Warning, this review contains mild spoilers for the early parts of this book.
Do you ever start reading a book and get the feeling that the author showed their hand too early? I was feeling that way when I started Kameron Hurley’s The Light Brigade. I had just gotten to the end of chapter two when I put the book down and thought. “Right, I think I know where we’re heading here. Hurley’s pulling a Paul Verhoeven on me. This book is going to be a complete and utter evisceration of Robert Heinlein’s Starship Troopers, and I’ll be damned if these so-called aliens are not aliens at all, and these evil mega-corps are playing everyone for stooges.”
I even took a photo for posterity (See that? Page 16! I’ve barely touched the book!):
The thing is, I wasn’t wrong. The Light Brigade is a strong counter to the politics and feel of Heinlein’s 1959 novel. But I was so very wrong in how it ended up playing out.
The amusing thing is, Hurley is not at all shy about what she is doing. But unlike Verhoeven’s movie adaption, The Light Brigade is not satire. Like Starship Troopers, people’s citizenship status in The Light Brigade is tied to their service in the military. Heinlein spent plenty of time in his book explaining why he thought this would be a good thing, but he didn’t really explain how he ended up with a society where people – willingly, by my own reading – signed away their rights like that.
Hurley gives us a different scenario that results in the same endpoint – a corporate dystopia. By the time of the events of the book, everyone is reduced to working for one of six global conglomerates, and only by serving in one of their armies can one be recognised as a citizen.

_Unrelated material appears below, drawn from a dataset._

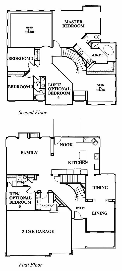 The entry takes you into the living and dining room area of this beautiful home. Next you'll come to the kitchen with island and breakfast nook. From the kitchen you can access the family room with fireplace and den/optional 5th bedroom. Upstairs you have the 2nd and 3rd bedrooms, loft area, hall bath and the impressive master bedroom and bath with dual vanities and a walk-in closet.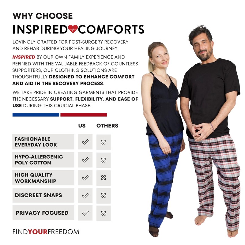 - [Recuperate in comfortable fabric] Our post surgery pajama pants combine cotton-polyester softness with a fuzzy FLANNEL feel to keep you comfortable and cozy all day long.

But its a precarious situation – everyone is one hostile corporate takeover from being belted back to a resident, with their rights rescinded. Heavy-handed? No doubt, but perhaps like counters like.

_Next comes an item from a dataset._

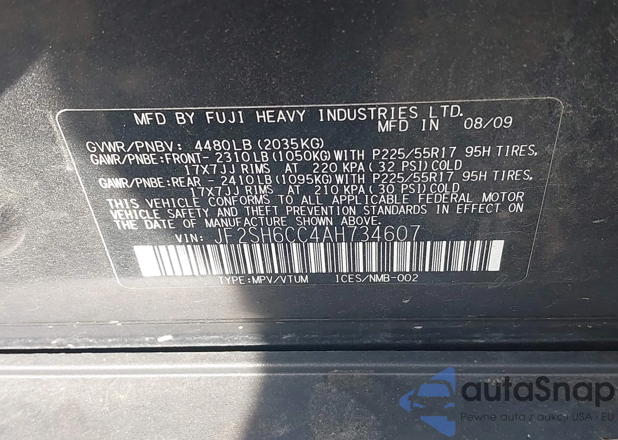 • VIN JF2SH6CC4AH734607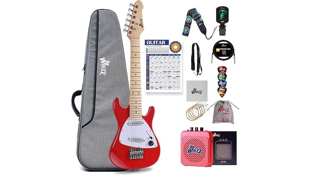 - The Winzz 30 inch electric guitar features a poplar body and maple neck, offering durable, resonant construction ideal for young beginners

And like Johnny Rico before them, most of the book’s characters are heavily indoctrinated as recruits. Many of them live a marginal existence where their rights have been stripped away and their family destroyed by the conglomerates that govern them, but most of their thoughts of resistance are pushed away by the threat of ‘aliens’ and a good dose of corporate propaganda, One young recruit even parrots out a line about there being no such thing as a free lunch, and I had to have a little bit of a laugh. It seems like Hurley’s pissing on old Bob H from more than one front.
The story is told through the perspective of Dietz, who has been newly recruited to the Tene-Silvia Corporate Corps. Deitz is motivated to join after the Blink: a massive event that ended up carving São Paulo right out of the ground, destroying their family and upending their entire life. This event, along with the wreckage of the Moon, are both purported to be acts of war committed by the aliens. Deitz deliberately describes themselves as a paladin – a crusading knight – on their path to vengeance. This attitude persists even after the grim Full Metal Jacket style training they go through in the first part of the book. Deitz is heavily invested in their mindset at this stage, and you’re left anticipating what will be their breaking point.
It turns out to be something quite left field. Once training is done, Deitz and their cohort are deployed on their first mission. And this is where things start going off-kilter. Troop deployment involves transportation at the speed of light. To achieve this, the soldiers are broken down into atoms and then beamed to their destinations. The process is not perfect, and gruesome botched materialisations are frequently mentioned. But Deitz’s problem is not just physical – it’s temporal. Prepared for one mission, they frequently end up deployed at a different place and a different time, only to return home to missing squad members and displaced memories. This scrambled turn of events only makes the effects of war even more horrific; seeing a friend blown to pieces in front of your eyes is brutal enough, but then returning home to see them perfectly whole – while knowing exactly what fate awaits them – is torturous.
Dietz then spends their time battling on two fronts. Their most immediate fight involves surviving each of their deployments, no matter what order they are experienced in. But they also have to fight off the urge to fall into a Billy Pilgrim-esque pattern of fatalism, and instead wrestle control of the situation. At the same time, it’s up to you, the reader, to pay close attention, otherwise, this puzzle-box of the plot is going to remain elusive.
For me, this was a very engaging, fast-paced read that did not feel like it covered 300 pages. The time travel feels consistent and generally well handled – but you do have to read over it carefully. And despite my early worries that the story might devolve into nihilism, The Light Brigade is not as bleak as it initially seems.
One of my main criticisms is that after you put in the work to follow the events of the novel, the ending can come across as very blunt. This isn’t to say that covers most of the elements needed to be satisfying but is very, very abrupt. The novel is also very dialogue-driven and spends little time describing settings. This does help keep the rapid pace, but I do wonder if keeping track of people and locations could have been made a little easier with more extensive descriptions. I’m still undecided as to whether or not this was a deliberate choice made by the author.
Overall, this is a clever, albeit unflinchingly-heavy-handed book, which is more than just an aggressive takedown of Starship Troopers. And I have no problem seeing how it ended up with a Hugo Award nomination.